== LISTED ENTRIES

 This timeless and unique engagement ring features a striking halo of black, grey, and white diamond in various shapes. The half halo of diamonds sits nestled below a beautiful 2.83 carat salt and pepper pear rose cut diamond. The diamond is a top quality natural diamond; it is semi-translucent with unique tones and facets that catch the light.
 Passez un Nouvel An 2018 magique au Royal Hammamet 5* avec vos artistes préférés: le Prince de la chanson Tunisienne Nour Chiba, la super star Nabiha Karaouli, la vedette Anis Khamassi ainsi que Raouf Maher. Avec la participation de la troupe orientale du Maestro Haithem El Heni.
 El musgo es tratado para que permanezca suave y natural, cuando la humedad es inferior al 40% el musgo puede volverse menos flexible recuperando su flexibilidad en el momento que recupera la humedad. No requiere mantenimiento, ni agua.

====
== LISTED ENTRIES

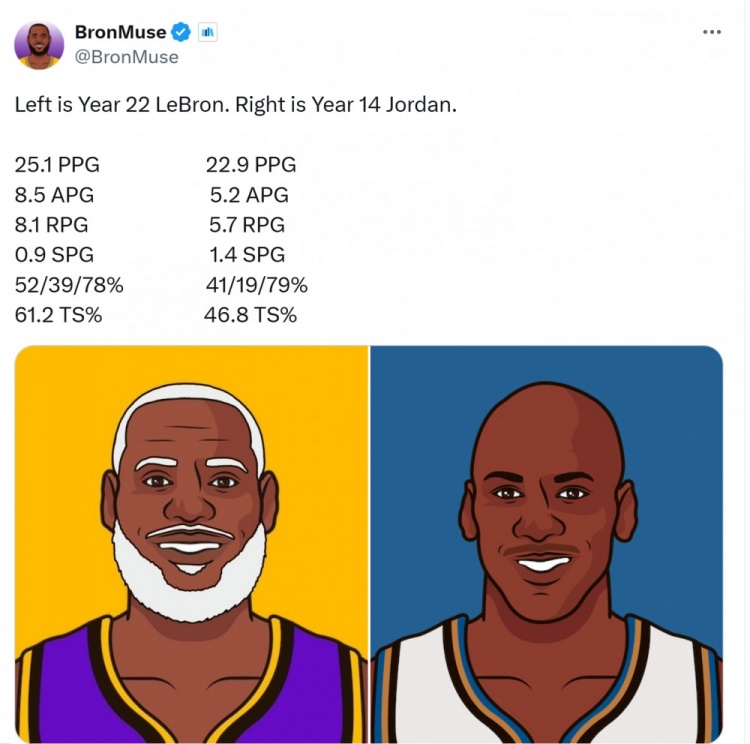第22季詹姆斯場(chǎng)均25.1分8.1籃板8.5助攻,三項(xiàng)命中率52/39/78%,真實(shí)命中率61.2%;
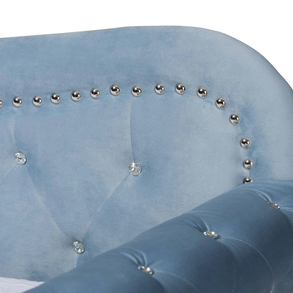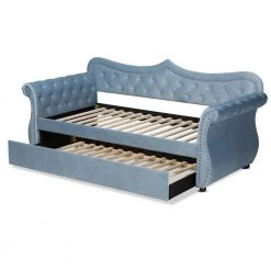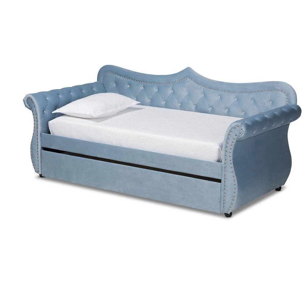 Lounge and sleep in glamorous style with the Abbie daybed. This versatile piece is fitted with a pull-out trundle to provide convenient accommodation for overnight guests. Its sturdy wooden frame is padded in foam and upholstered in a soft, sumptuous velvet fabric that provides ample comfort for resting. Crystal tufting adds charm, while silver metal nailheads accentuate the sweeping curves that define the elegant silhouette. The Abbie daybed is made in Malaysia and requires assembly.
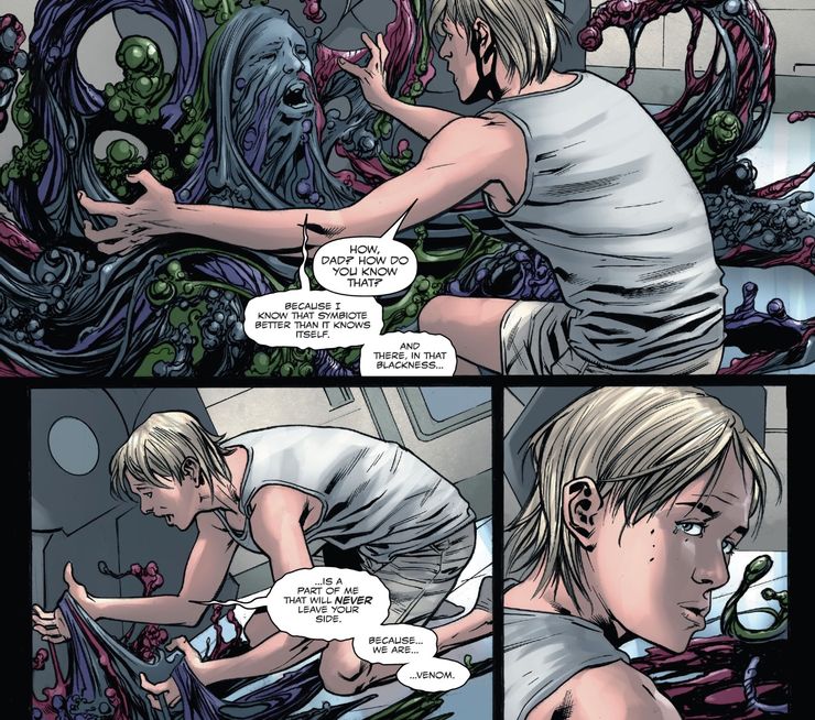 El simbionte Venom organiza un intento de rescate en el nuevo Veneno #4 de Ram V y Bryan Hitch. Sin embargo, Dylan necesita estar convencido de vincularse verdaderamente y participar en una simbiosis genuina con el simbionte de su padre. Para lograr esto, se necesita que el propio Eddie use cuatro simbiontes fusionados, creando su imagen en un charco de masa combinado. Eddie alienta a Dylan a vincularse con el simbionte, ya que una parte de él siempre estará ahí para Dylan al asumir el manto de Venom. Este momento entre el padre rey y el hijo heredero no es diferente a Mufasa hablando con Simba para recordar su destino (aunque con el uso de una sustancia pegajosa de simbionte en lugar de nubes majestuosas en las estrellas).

====

WHAT TO PRODUCE:
Set down, exactly as they appear above, all lines from the one that has "This timeless and" down to the one that has "El musgo es", including those two and no others.

YOUR SOLUTION:
 This timeless and unique engagement ring features a striking halo of black, grey, and white diamond in various shapes. The half halo of diamonds sits nestled below a beautiful 2.83 carat salt and pepper pear rose cut diamond. The diamond is a top quality natural diamond; it is semi-translucent with unique tones and facets that catch the light.
 Passez un Nouvel An 2018 magique au Royal Hammamet 5* avec vos artistes préférés: le Prince de la chanson Tunisienne Nour Chiba, la super star Nabiha Karaouli, la vedette Anis Khamassi ainsi que Raouf Maher. Avec la participation de la troupe orientale du Maestro Haithem El Heni.
 El musgo es tratado para que permanezca suave y natural, cuando la humedad es inferior al 40% el musgo puede volverse menos flexible recuperando su flexibilidad en el momento que recupera la humedad. No requiere mantenimiento, ni agua.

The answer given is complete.